- [Problem requirements]:
A faithful transcript of all the lines below, with no pictures, is the goal here.

[Opening Provided material section]

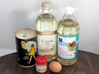 In the case of mayonnaise, this third option also happens to be really easy, as I discovered today when I whipped up a batch of homemade mayo from a recipe passed on to me by an octogenarian friend who swears she has never bought a jar of prepared mayonnaise in her life. Here are the ingredients:
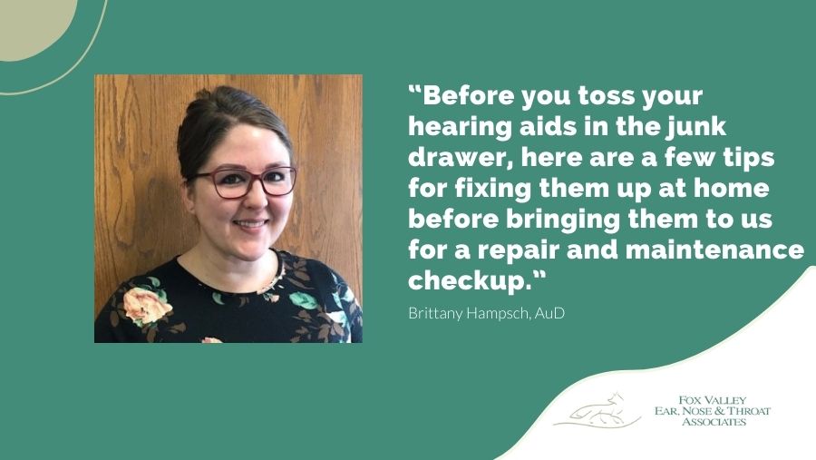 Before you toss your hearing aids in the junk drawer, here are a few tips for fixing them up at home before bringing them to us for a repair and maintenance checkup.
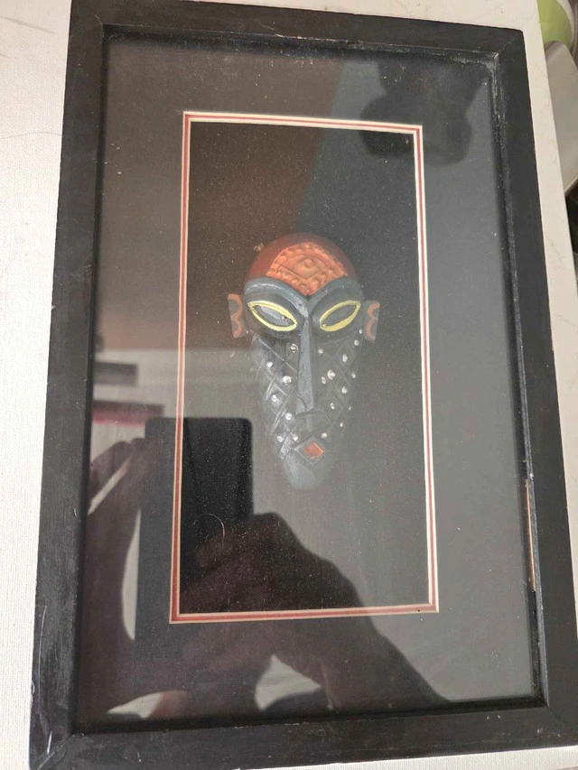 Adorn your walls with this striking framed African mask, a captivating piece that brings a touch of global artistry to your space. This unique artwork showcases intricate details and a bold design, perfect for adding character to any room. The piece shows some wear on the frame. If the ad is still up, it's still available!
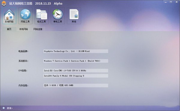 本地網(wǎng)絡(luò):顯示本機(jī)網(wǎng)絡(luò)信息、網(wǎng)絡(luò)連接及端口占用情況;
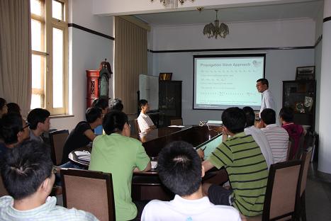 这次报告由周城光副研究员主持,噪声振动实验室的众多师生参与。师生们围绕加筋板的模态、机械故障诊断等问题跟Lin博士进行了热烈的讨论,现场氛围非常活跃。
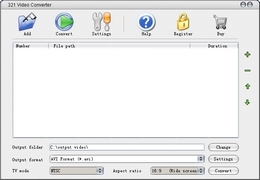转换任何视频文件都像倒数321一样迅速且简单。它支持导入几乎所有的视频格式,含:Flash 视频文件 (*.FLV)、MP4 文件 (*.MP4,*.M4V)、3GP 文件 (*.3GP,*.3G2)、QuickTime 文件(*.MOV,*.QT)、RealMedia 文件 (*.RM,*.RMVB)、等。321视频转换器可调整视频纵横比以支持输出宽屏视频,允许调整TV制式(PAL/NTSC)以方便刻录视频到影碟机上观赏,此外还可更改视频/音频编解码器、视频分辨率、帧率等参数。
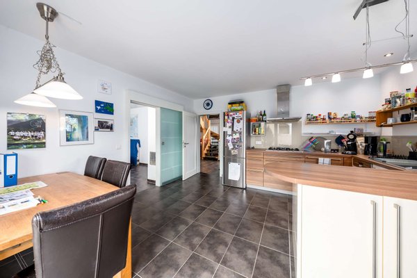 Im Erdgeschoss erwartet Sie ein praktischer Hauswirtschaftsraum mit allen wichtigen Medienanschlüssen sowie Platz für Waschmaschine und Trockner. Die zeitlos gestaltete Einbauküche überzeugt mit einem hochwertigen Gasherd (5 Flammen) und einem ergonomisch eingebauten Elektrobackofen – funktional und stilvoll zugleich.
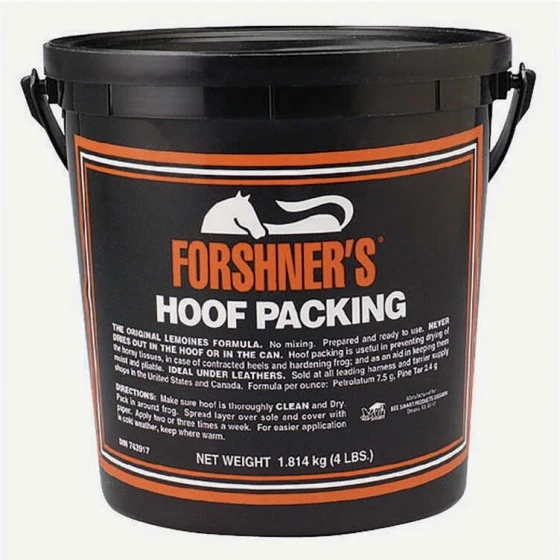 Paardeneigenaren en hoefsmeden vertrouwen al 25 jaar lang op deze sterke formule van de Forshner’s Hoof Packing.
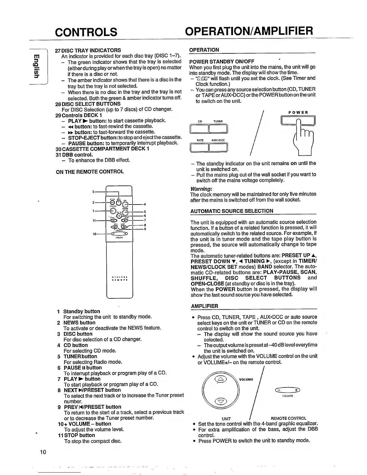 Philips FW 36 - Disc, Deck, and DBB Controls; Operation and Amplifier; Power On;Off and Source Selection
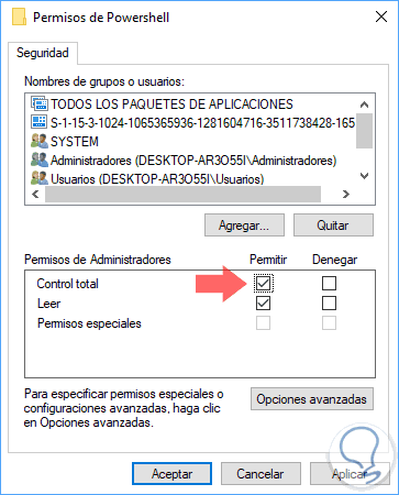Pulsamos en Aplicar y Aceptar para completar el proceso. A continuación seleccionaremos el grupo Administradores y le daremos control total a la clave. Pulsamos nuevamente en Aplicar y Aceptar.

[Closing Provided material section]

- [Exercise solution]:
 In the case of mayonnaise, this third option also happens to be really easy, as I discovered today when I whipped up a batch of homemade mayo from a recipe passed on to me by an octogenarian friend who swears she has never bought a jar of prepared mayonnaise in her life. Here are the ingredients:
 Before you toss your hearing aids in the junk drawer, here are a few tips for fixing them up at home before bringing them to us for a repair and maintenance checkup.
 Adorn your walls with this striking framed African mask, a captivating piece that brings a touch of global artistry to your space. This unique artwork showcases intricate details and a bold design, perfect for adding character to any room. The piece shows some wear on the frame. If the ad is still up, it's still available!
 本地網(wǎng)絡(luò):顯示本機(jī)網(wǎng)絡(luò)信息、網(wǎng)絡(luò)連接及端口占用情況;
 这次报告由周城光副研究员主持,噪声振动实验室的众多师生参与。师生们围绕加筋板的模态、机械故障诊断等问题跟Lin博士进行了热烈的讨论,现场氛围非常活跃。
转换任何视频文件都像倒数321一样迅速且简单。它支持导入几乎所有的视频格式,含:Flash 视频文件 (*.FLV)、MP4 文件 (*.MP4,*.M4V)、3GP 文件 (*.3GP,*.3G2)、QuickTime 文件(*.MOV,*.QT)、RealMedia 文件 (*.RM,*.RMVB)、等。321视频转换器可调整视频纵横比以支持输出宽屏视频,允许调整TV制式(PAL/NTSC)以方便刻录视频到影碟机上观赏,此外还可更改视频/音频编解码器、视频分辨率、帧率等参数。
 Im Erdgeschoss erwartet Sie ein praktischer Hauswirtschaftsraum mit allen wichtigen Medienanschlüssen sowie Platz für Waschmaschine und Trockner. Die zeitlos gestaltete Einbauküche überzeugt mit einem hochwertigen Gasherd (5 Flammen) und einem ergonomisch eingebauten Elektrobackofen – funktional und stilvoll zugleich.
 Paardeneigenaren en hoefsmeden vertrouwen al 25 jaar lang op deze sterke formule van de Forshner’s Hoof Packing.
 Philips FW 36 - Disc, Deck, and DBB Controls; Operation and Amplifier; Power On;Off and Source Selection
Pulsamos en Aplicar y Aceptar para completar el proceso. A continuación seleccionaremos el grupo Administradores y le daremos control total a la clave. Pulsamos nuevamente en Aplicar y Aceptar.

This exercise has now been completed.